I rather choose to scroll to the right to see long lines when needed.


I find wrapped code much harder to read, unless it's indented properly. The wrapping breaks the flow.


(Extremely late edit: “grok” not “grow”)


On most monitors today you can still have 120 characters and see 3 or 4 side by side tracks including the filesystem in another track.


How big is "modern" these days? I have a multiple 22" 1920x1080 screens instead of one huge one, and after making the font as small as is still comfortable at my viewing distance I get 202 visible columns in maximized VS Code. At a still-workable but small enough size that I'll start unconsciously hunching at my desk I can get up to 271. Common laptop screen sizes are even more constrained.

I also like to have one monitor turned to 1080x1920 for text editing and consoles. I'd never try to do a side-by-side diff on it, but it really makes you see just how many GUIs are downright wasteful of horizontal space.


2? sure. 3 or 4? Either you're using a monitor that's far outside the realm of "most" or your font size is set to a value far below the mean.


In my experience the majority have 27 inches monitors.

I have 3 of those at my desk, 2 vertical and one horizontal. it's a popular system from what I can see.
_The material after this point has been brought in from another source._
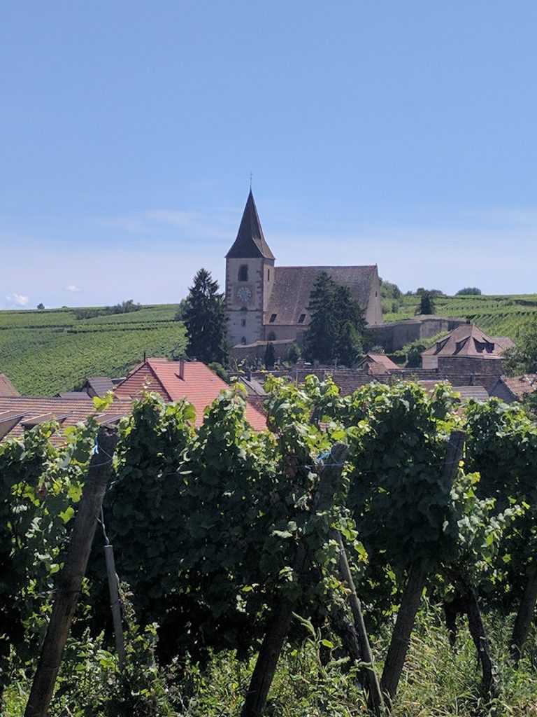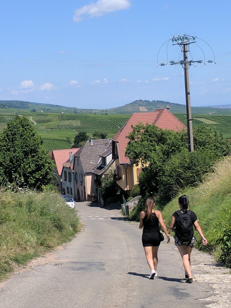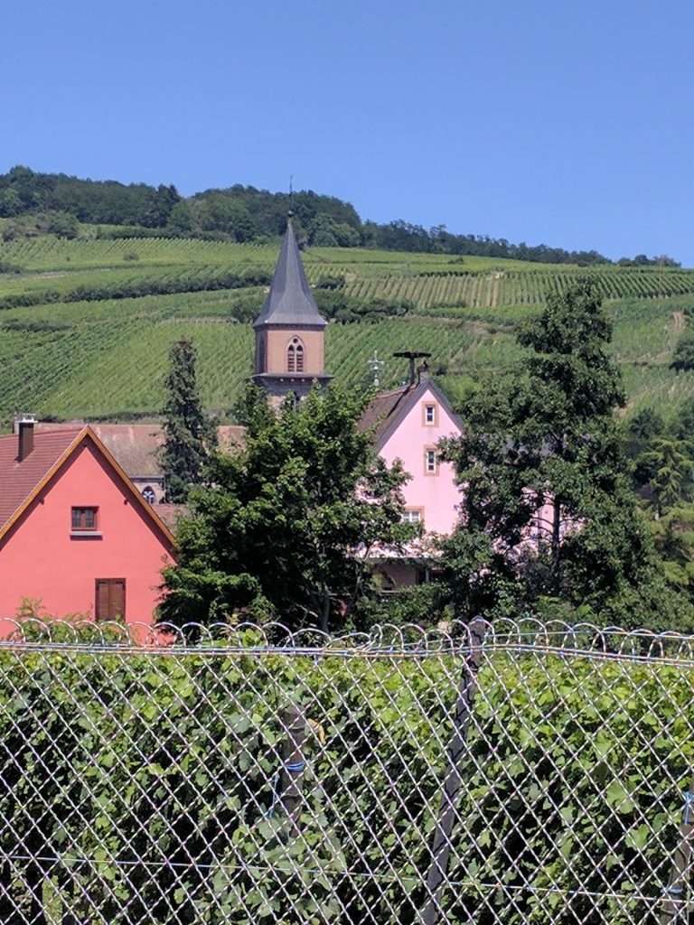 We enjoyed just walking around the streets and into the win tasting rooms. After about an hour’s exploring, we sat down at D’Brendelstub for a light lunch. After lunch, we assessed our options. The next bus was not until 5pm and we really wanted to see Ribeauville. So we started walking. The road through the vineyards was long, but fairly flat.

Oh... you mean 3 or 4 across two or more monitors? That makes a bit more sense, but I find it an odd way to compare things. Obviously if you have n monitors you can fit at least n windows "side by side".

(Also disagree about most people having 27" monitors, but I don't think that makes much of a difference)


You don't even need a wide-screen monitor for that. I like to turn my coding screen 90 degrees, to portrait mode, to get more vertical space and still can see the line at 120 characters.

I call it the TIE-fighter setup, the screen in the middle is in landscape mode and the two others are in portrait mode, gives a lot of screen-space without having to turn the head much to see it all


I also prefer the TIE-fighter setup, and didn't have a name for it until now. However, I find that 120 characters is too wide as soon as you want to do anything other than code on that screen.


> I call it the TIE-fighter setup,

I have the exact opposite setup, with the vertical screen in front of me. How would you call that setup?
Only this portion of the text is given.